Data items:
# # # # #

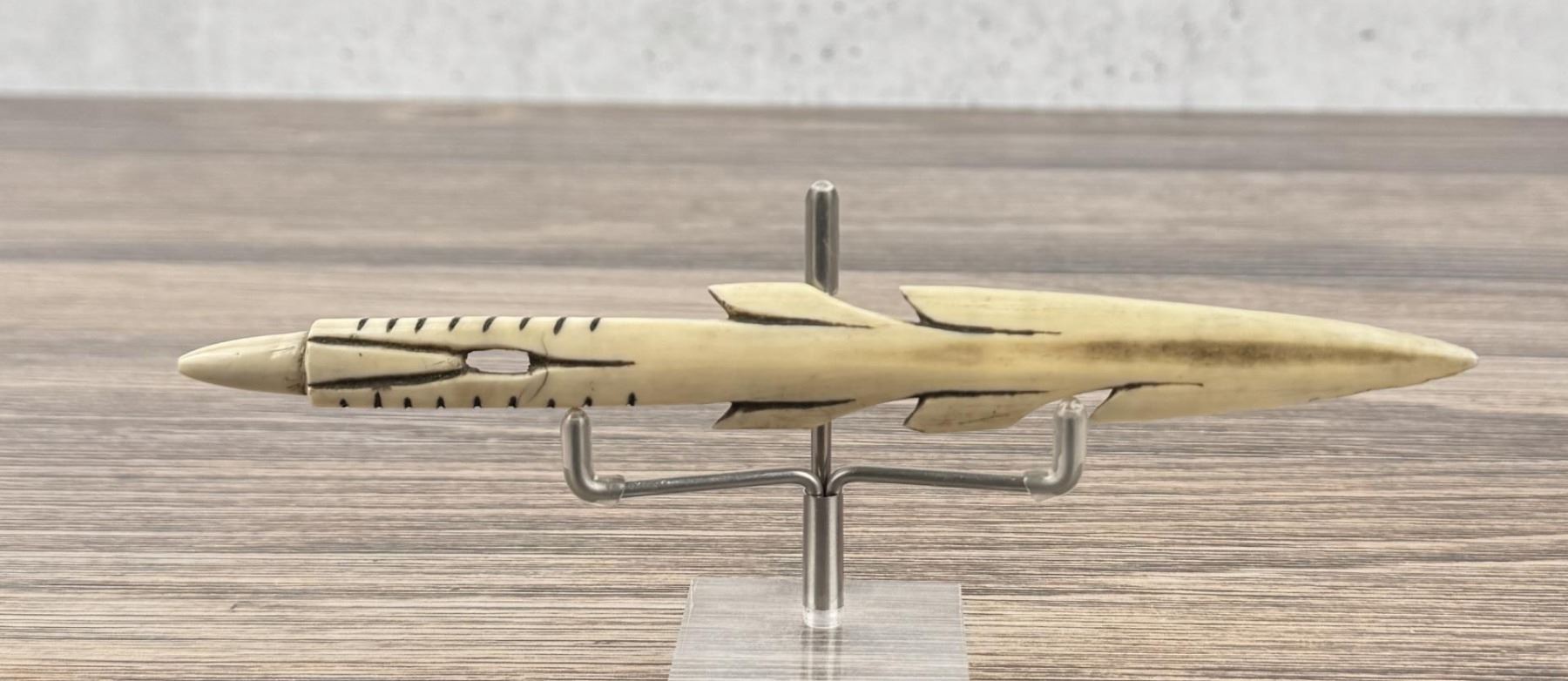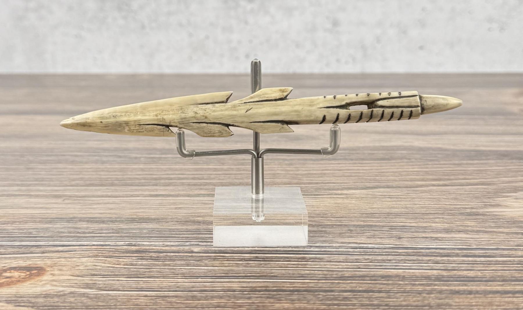 7" long. Carved walrus material. Native made prior to 1972. This item cannot be shipped to Oregon, California, Hawaii, New York, New Jersey, Internationally, or any other state that prohibits.
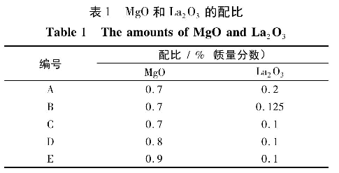 添加不同配比Mg0和La203二元復(fù)合添加劑的Al203混合粉體成型后,1600℃下燒結(jié)并保溫4h。Mg0和La203的配比如表1。
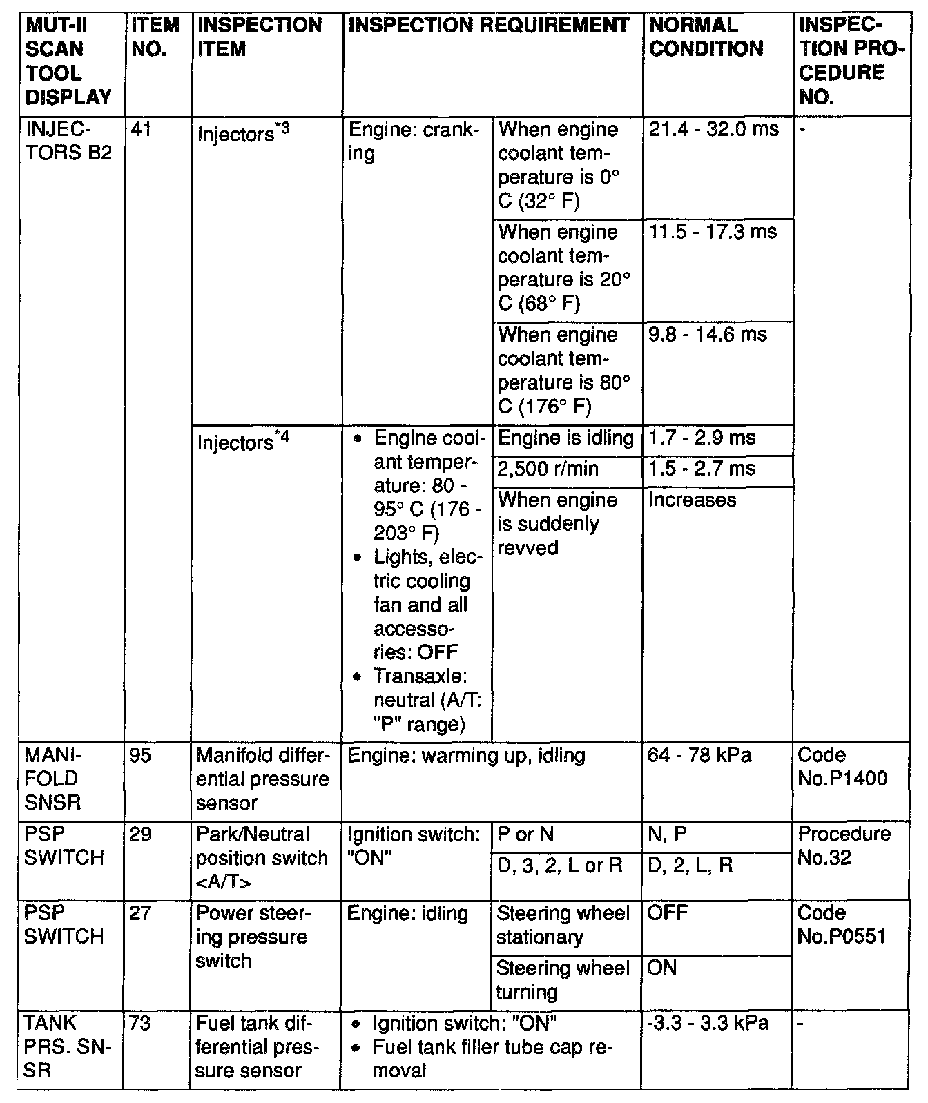 NOTE: *4: In a new vehicle [driven approximately 500 km (311 mile) or less], the injector drive time is sometimes 10% longer than the standard time.
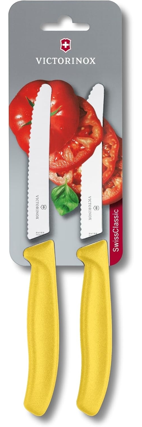 in BrötchenmesserVictorinox Swiss Classic, Profi Tomaten- und Tafelmesser, Extra Scharfe Klinge, Wellenschliff, 11 cm, Robuster Kunststoffgriff, Rostfreier Stahl, gelb
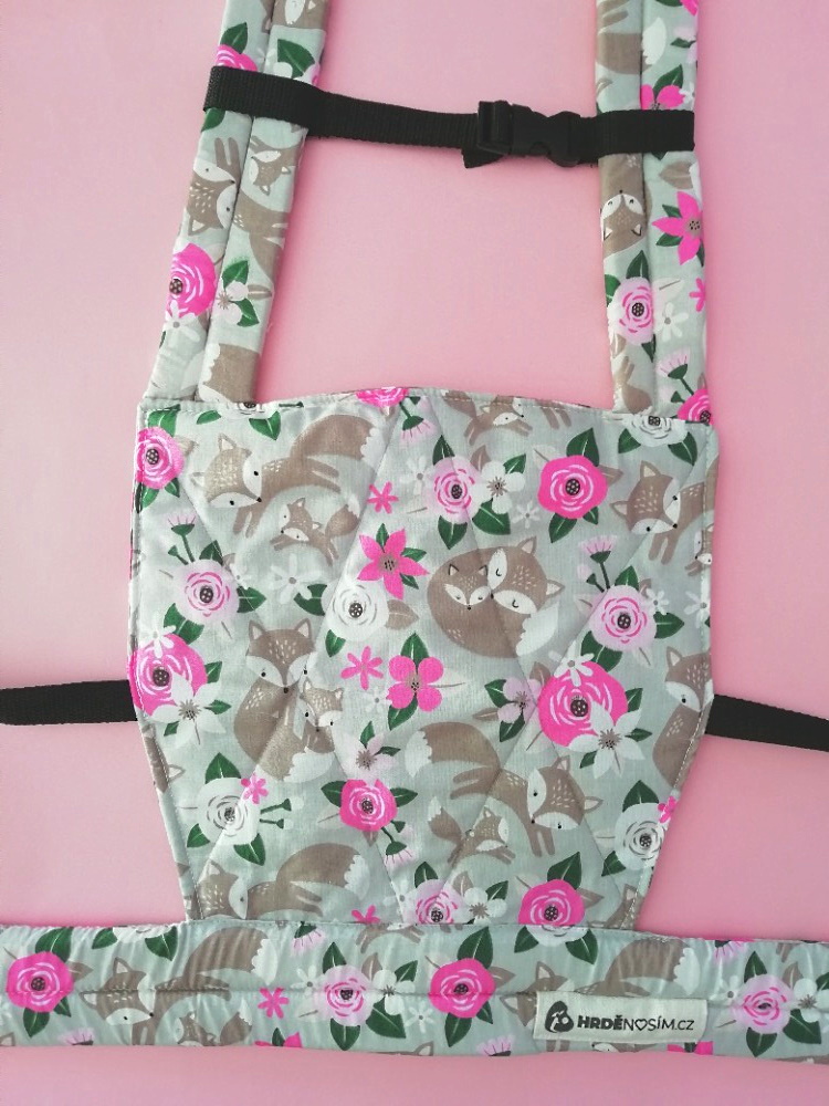 Dětské látkové nositko, celovzorové. Výplň molitan a vatelín. Prát na 30°, nesušit v sušičce.
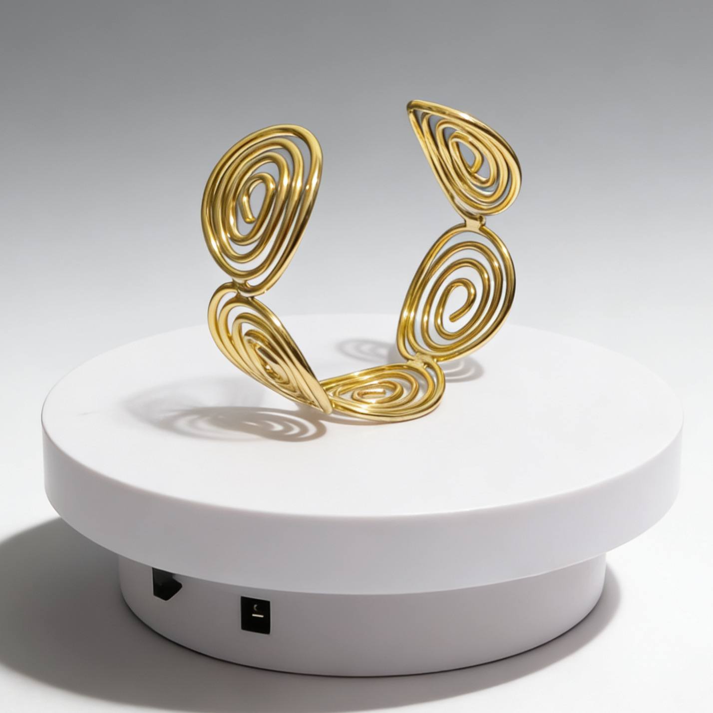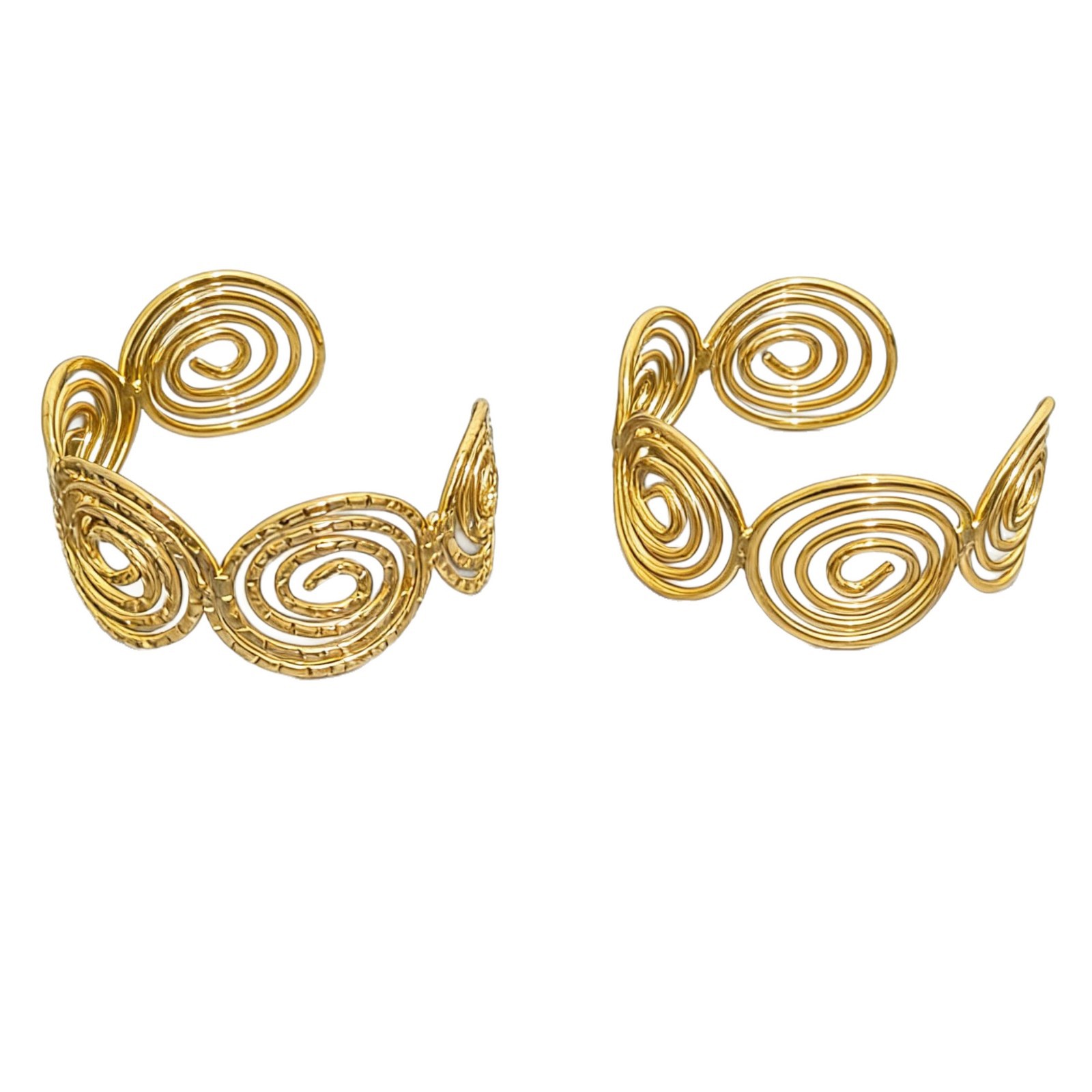 螺纹圆形开口金属色手镯环简约高级小众轻奢个性欧美跨境压花工艺
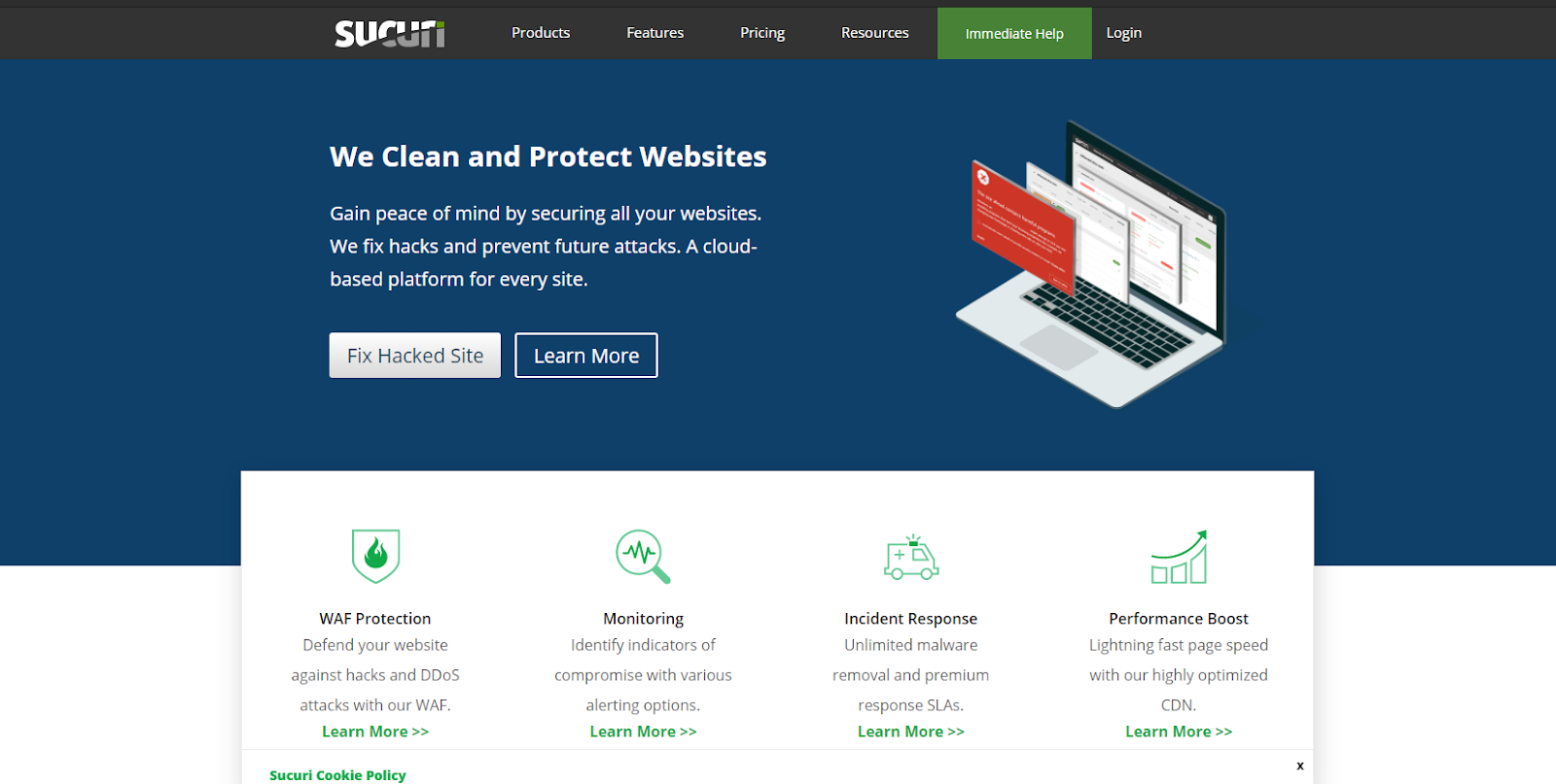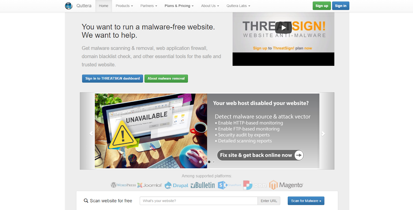 Sucuri хорош тем, что обнаруживает спам-ссылки и опасные скрипты, проверяет актуальность версий CMS и веб-серверов. Для использования надо зарегистрироваться и выбрать тарифный план. Несмотря на то, что цены могут показаться высокими, сервис предлагает полную поддержку и даже удаление вредоносного кода специалистами.

# # # # #

Goal of the exercise: In the copy, leave out the pictures and restate the records exactly.

Result of the task:
 7" long. Carved walrus material. Native made prior to 1972. This item cannot be shipped to Oregon, California, Hawaii, New York, New Jersey, Internationally, or any other state that prohibits.
 添加不同配比Mg0和La203二元復(fù)合添加劑的Al203混合粉體成型后,1600℃下燒結(jié)并保溫4h。Mg0和La203的配比如表1。
 NOTE: *4: In a new vehicle [driven approximately 500 km (311 mile) or less], the injector drive time is sometimes 10% longer than the standard time.
 in BrötchenmesserVictorinox Swiss Classic, Profi Tomaten- und Tafelmesser, Extra Scharfe Klinge, Wellenschliff, 11 cm, Robuster Kunststoffgriff, Rostfreier Stahl, gelb
 Dětské látkové nositko, celovzorové. Výplň molitan a vatelín. Prát na 30°, nesušit v sušičce.
 螺纹圆形开口金属色手镯环简约高级小众轻奢个性欧美跨境压花工艺
 Sucuri хорош тем, что обнаруживает спам-ссылки и опасные скрипты, проверяет актуальность версий CMS и веб-серверов. Для использования надо зарегистрироваться и выбрать тарифный план. Несмотря на то, что цены могут показаться высокими, сервис предлагает полную поддержку и даже удаление вредоносного кода специалистами.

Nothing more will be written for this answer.